Kitap Tanıtımı |
Madımak
Bir dönemeç; bir süreç, bir kıskaç, bir inileme, bir çılgınlık bir çığlık... Bir ot; Sivas yaylasında yetişen, çorbaya katık. Madımak bir otel Sivas Çarşısı'nda, bağnazlarca yakılıp yok edilen. Bir yangın alacasının cayırtıları, haykırışları ve 35 can insanın acılarla alazlar, dumanlar arasında kavrularak boğularak susturulması. Canlı, insan, alev, duman, ölüm gibi acılar çok yaşanmış; çığlıklar atılmış, çağlar boyu ölümler, öldürmeler yaşanmıştır, ama böylesi, hiç görülmemiştir, ne bu topraklarda, ne de başka yerlerde, başka zamanlarda. Bu bağnazlar, Neron'dan da çılgın daha da acımasız. Bu bir oyun mu yoksa bir düzenin acımasız sonucu mu? Yalvarmak yakarmak yetmedi, çığlıkları kimseler duymadı. Kurtuluşu sağlayamayan sorumlular, yöneticiler suskunluklarıyla, sorumsuzluklarıyla kaldılar.
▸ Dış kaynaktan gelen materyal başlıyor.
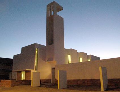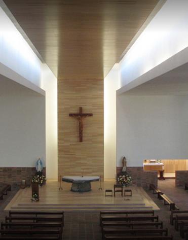 Lucarnas lineales a largo de la iglesia obligaron a ocupar vigas post-tensadas de mas de 30 m de largo , que lograron irradiar una luz cambiante que baja por la madera desde el cielo hacia el altar : exaltando una alegoría de la unión de lo divino con lo terrenal

Madımak Çığlığı Dinmedi, Sürüyor...
"Madımak Yangını" cumhuriyet öncesi ve cumhuriyet sonrasının belirli zaman dilimlerini anlatıyor... anlatırken de, oldukça dğişkenlik gösteren sosyal, ekonomik ve siyasal olguların burgaçlarına korkusuzca inip çıkıyor. O günlerde de, bu gün de yaşananlar, ülke ve ulusu için bir arayış sürecidir denilebilir... Ne var ki; bunca gelişmelere karşın bağnazlık özelliğinin halen sürdüğü, hatta daha da arttığı yadsınamayan bir gerçektir...
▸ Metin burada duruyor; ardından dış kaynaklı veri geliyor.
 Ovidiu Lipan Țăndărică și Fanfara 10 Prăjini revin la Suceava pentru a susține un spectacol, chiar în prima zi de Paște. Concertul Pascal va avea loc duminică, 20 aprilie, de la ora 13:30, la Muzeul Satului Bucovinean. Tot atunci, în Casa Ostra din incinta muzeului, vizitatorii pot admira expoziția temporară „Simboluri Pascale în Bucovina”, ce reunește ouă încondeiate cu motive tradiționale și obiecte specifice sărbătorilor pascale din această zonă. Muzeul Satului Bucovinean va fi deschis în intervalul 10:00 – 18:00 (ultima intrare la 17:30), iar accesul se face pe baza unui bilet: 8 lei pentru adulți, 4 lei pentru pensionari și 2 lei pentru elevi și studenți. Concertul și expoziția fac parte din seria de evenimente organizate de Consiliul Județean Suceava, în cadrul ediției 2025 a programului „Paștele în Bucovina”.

İşte "Madımak Çığlığı" bu ayırımı özellikle kanıtlayan belgesel bir romandır. Kanımca adı da bu acı deneyimden esinlenmiş... Yazar, bu kitabında ayrıca; yukarıda altlı çizilen dönemlere tanıklık yapan ailesinin; doğanın ve şartların acımasızlığına karşın verdiği yaşam kavgasını. Osmanlının son dönemlerini, Ermeni tehcirinde; aynı toprağı paylaşan insanların ırk,dil ve din ayrımı gözetmeksizin, birbirine olan güven ve saygılarını, Milli Mücadeleyi, Cumhuriyeti, devrimleri, tek partiden çok partiye geçişi ve kesintiye uğrayan demokrasilere de değinerek doğruları ve yanlışları günümüze aktarmayı başarmıştır. Bu belgesel romandan alınacak çok ders olduğunu belirtirken, onu yürekten kutluyorum...
Erdoğan Baysal
Romandaki kahraman Anıl, dayanışma duygusunu zamanla kaybeden ve bazı siyasetçilerin oyunlarıyla bölünen bir toplumun içinde yaşamak zorundadır. Ama Anıl; hiç yılmadan kendisiyle ve toplumla savaş veriyor. Bzen çığlıklarını duyuramıyor, üzülüyor ama umudunu hiç yitirmiyor. Bu romanı okuyan hekesin; başını iki elinin arasına alıp düşüneceğinden eminim... "Yarayı kaşıyıp kanatmayalım" diyenlere sesleniyorum. "Türkiye tarihine kara bir leke olarak geçen bu katliamı ve Sivas şehitlerini unutmak ve unutturmaya çalışmak ihanettir.
İkbal Pınar
Anadolu'da aydınlanmanın, tarih süzgecinden geçerek, M.Kemal ATATÜRK ile nasıl yaşam bulduğunu, aydınlanman devrimlerinin bir ulusun yangısı üzerinde nasıl etkili olduğunu düşünürken, "Madımak Çığlığı" ile din bezirganlarının bir toplumu nerelere getirdiğini acı acı gülümseyerek bir kez daha görmek, insanın içini buruyor. Büyük usta, aynı toprakları, yazgıyı paylaştığımız, Anadolu'lu olmak ile öğündüğümüz " Anadolu'nun Bilge Karıncası", bizleri yeniden uyardığın için sağol.